— Аминь! Аминь, аминь, Господи!.. Я… Я тебя тогда… — быстро, взволнованно зашептал лекарю Иван, но так и не договорил, махнул рукой, и тот, низко кланяясь, вышел.
Когда с успокоенным, просветлевшим лицом он подошел и уселся подле кровати, где под пологом лежала Анастасия, царица сразу заметила перемену в лице мужа и, слабо улыбнувшись, проговорила:
— Вишь, моя правда была, касатик! Не велика беда еще. Помогут нам с тобой Матерь Господа и святые угодники. Не печалуйся же, Ванюшка!
— Нет, нет, милая… ласточка! Зоренька… И ты уже успокой свою душеньку. Глазыньки-то закрой. Подреми малость!
— Не дремется, Ванюшка! А без дремы глаза заведу — хуже оно. Все мне пожога мерещится. Да вон старицы те, монашки, что, сказывают, во храме, все десять живьем сгорели. Давит мне грудь да сердечушко. Все дума единая покою не дает: к заступе, к Скоропомощнице прибегли они, к образу Пречистой кинулись. И не спаслися! Слышь, дымом задушило их, а там истлели, когда половицы загорелись во храме. Одна, говорят, мать Иринея еще жила, когда тушить огонь стали. Охала… Стенала, Господи!..
И тонкими, исхудалыми пальцами царица прикрыла лицо, по которому тихо катились редкие слезинки.
Иван не знал, что сказать, чем успокоить жену, которой так вредно тосковать и волноваться. Его самого давило событие, о котором вспомнила Анастасия. Да и, кроме того, она не знала, что сам митрополит Макарий, унося из пожарища чудотворный образ Владимирской Божией Матери, расшибся, когда спускали старца по веревке со стены Кремля, охваченного пожаром.

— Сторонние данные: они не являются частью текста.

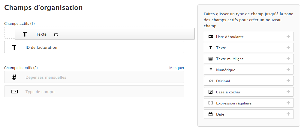 ) dans la barre latérale, puis sélectionnez Champs d’organisation. - Sélectionnez un type de champ personnalisé sur la droite, puis faites-le glisser dans la zone des champs actifs et placez-le à l’emplacement de votre choix. Vous pouvez aussi cliquer sur le signe Plus (+) à côté du champ que vous voulez ajouter.
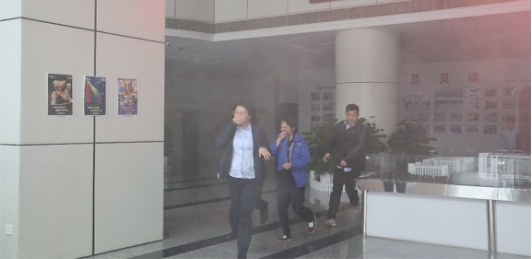 员工们捂住口鼻,有序地从紧急出口向外撤离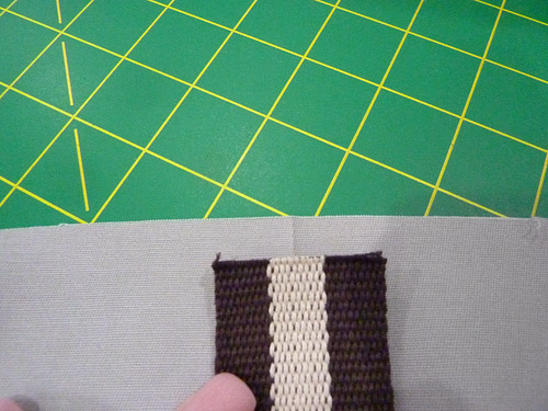 - Find the accent band “binding” again. For these steps you are working with the front of the band – the side that will show on the bag exterior.

— Не думай, ясочка! Так полагаю: грешны были старицы. Вот и покарал Господь.
— Грешница? Што ты? Сестра-то Досифея? Али старица честная Левкадия? Да святей их не сыскать на Москве! Редкой жизни подвижницы.

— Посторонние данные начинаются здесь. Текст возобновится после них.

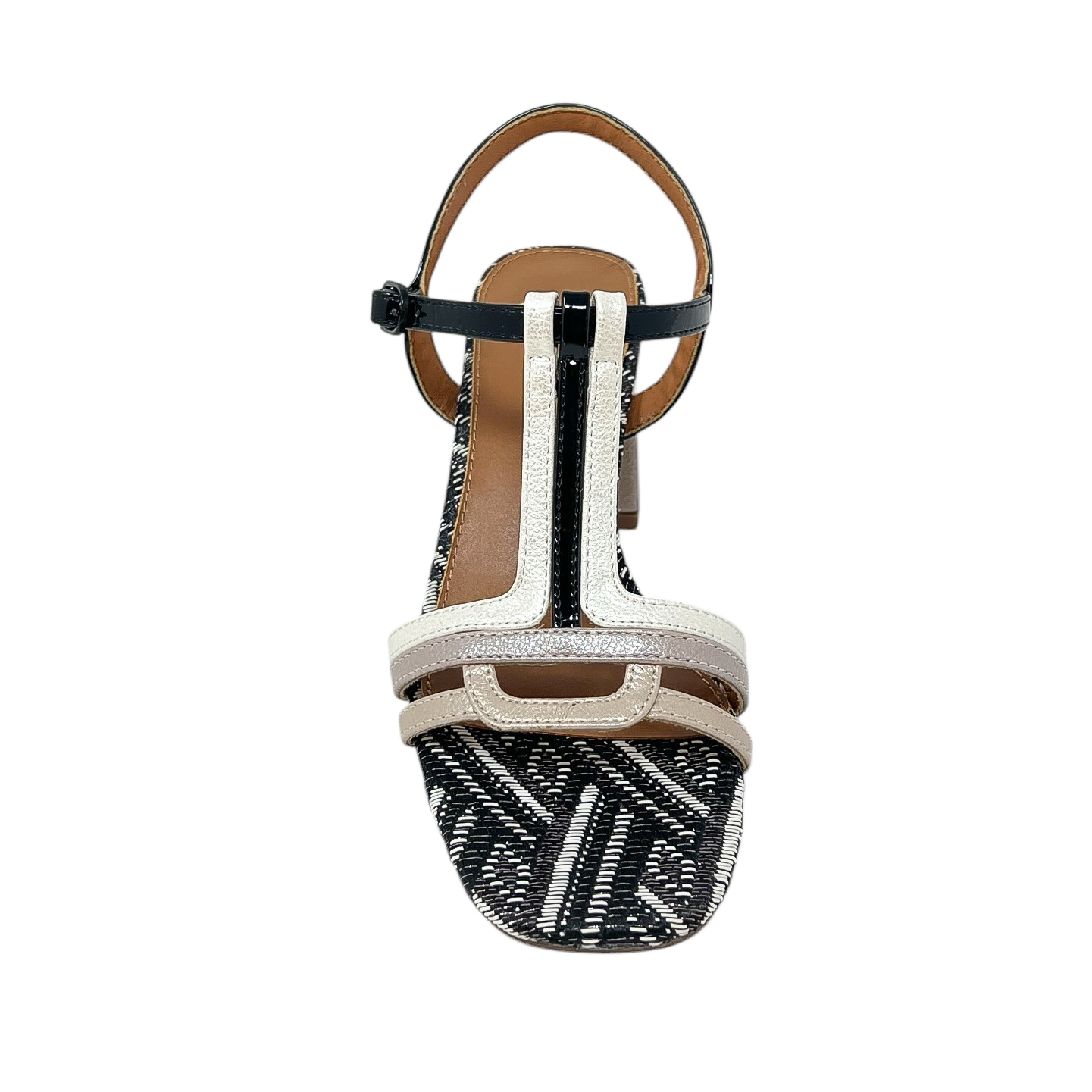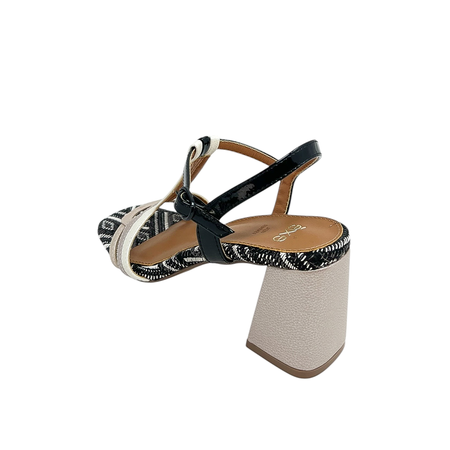Sandalo etnico cipria/bianco/nero con tacco grosso di 7 centimetri

— Ну, значит, Господь больно возлюбил их. Венца мученического удостоил. В селенья призвал свои райские.
— А што мыслишь? Должно быть, так.
И, словно успокоясь на этой отрадной мысли, больная затихла, замолчала.
«Не за твои ли грехи все эти жертвы, весь этот ужас?» — что-то против воли так и шептало смятенному юноше, когда он с затаенным страхом впивался глазами в бледное лицо любимой жены, единственного существа, которое ему казалось близким и дорогим на свете.

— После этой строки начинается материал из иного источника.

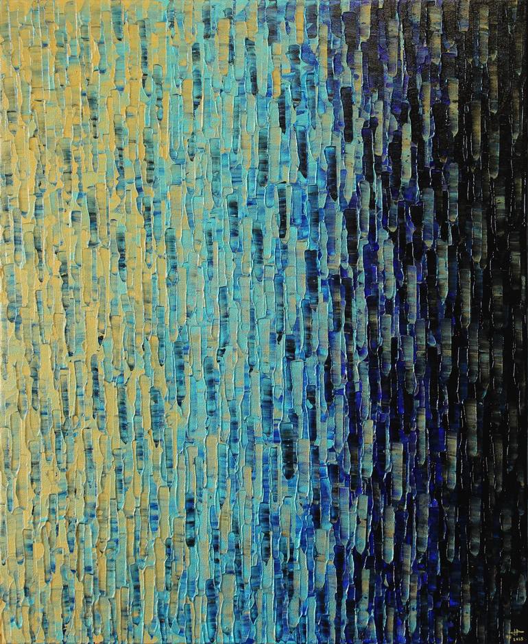 Iridescent Painting | Gold Blue Gradient Original artwork created with a palette knife and acrylic paint on 100% cotton canvas, stretched over a wooden frame. Features iridescent colors that reveal subtle shifts under the light. The edges are painted black in acrylic for a clean, contemporary prese...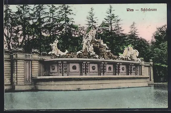 AK Wien, Schönbrunn, Blick auf den Neptunbrunnen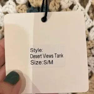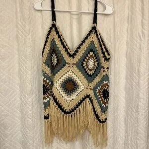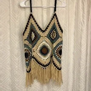 NWT, size small/medium, tank is similar to stock photos, super cute crocheted tank with fringe bottom, oversized fit, PTP is approximately 20”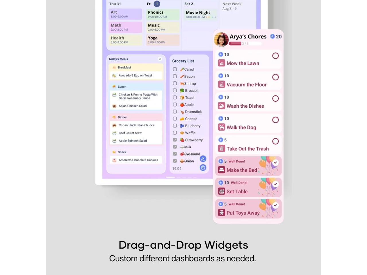 You can create multiple dashboards as needed with widgets like calendar, chore chart, meal plan, checklist, clock and weather etc. Turn Cozyla to your all-in-one family command center.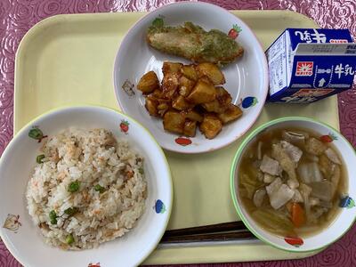 (献立): かやくごはん、みそかんぷら、笹かまぼこの磯辺揚げ、ちゃんこ汁、牛乳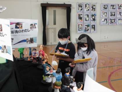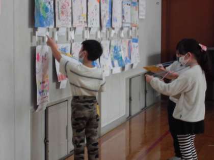 今日から始まった校内作品展。早速鑑賞に行きました。それぞれの学年の中から自分にとっての一番すてきを見つけようというめあてで鑑賞をしました。みんな思い思いに心惹かれる作品を見つけていました。中でも6年生の作品はやはり最高学年の作品ということで,「すごい!」とどの子も見入っていました。そして3年生の作品は,来年自分たちがこれを作れるのか!という期待感を持って見つめている様子が感じられました。

А громко между тем он проворчал, косясь в сторону женщин, ожидавших в глубине комнаты приказаний царицы:
— Болтали бы поменьше! Только тревожите осударыню!
Те так и замерли на местах, стараясь без звука, лицом выразить, что они неповинны нисколько в излишней болтовне.
Вдруг быстрые шаги замерли извне у самой двери, которая чуть приотворилась.
Так и кинулась к дверям боярыня бельевая, княгиня Анна Смерд-Плещеева, толстая, низенькая, словно кубарь подкатилась.
— Ни-ни! Неможно! Дремлет… почивать собирается свет осударыня! — зашипела она было сдобным голосом своим, сдавленным теперь голосом.
Но подошедший к двери Адашев слушать не стал.
— Осударя скорея сюда проси! Жаловал бы.
Иван, почуяв, что дело важное, если Алексей чуть не врывается в опочивальню к больной, — в одно мгновенье очутился за порогом, быстро прошел мимо Адашева, кивнув ему следовать за собой.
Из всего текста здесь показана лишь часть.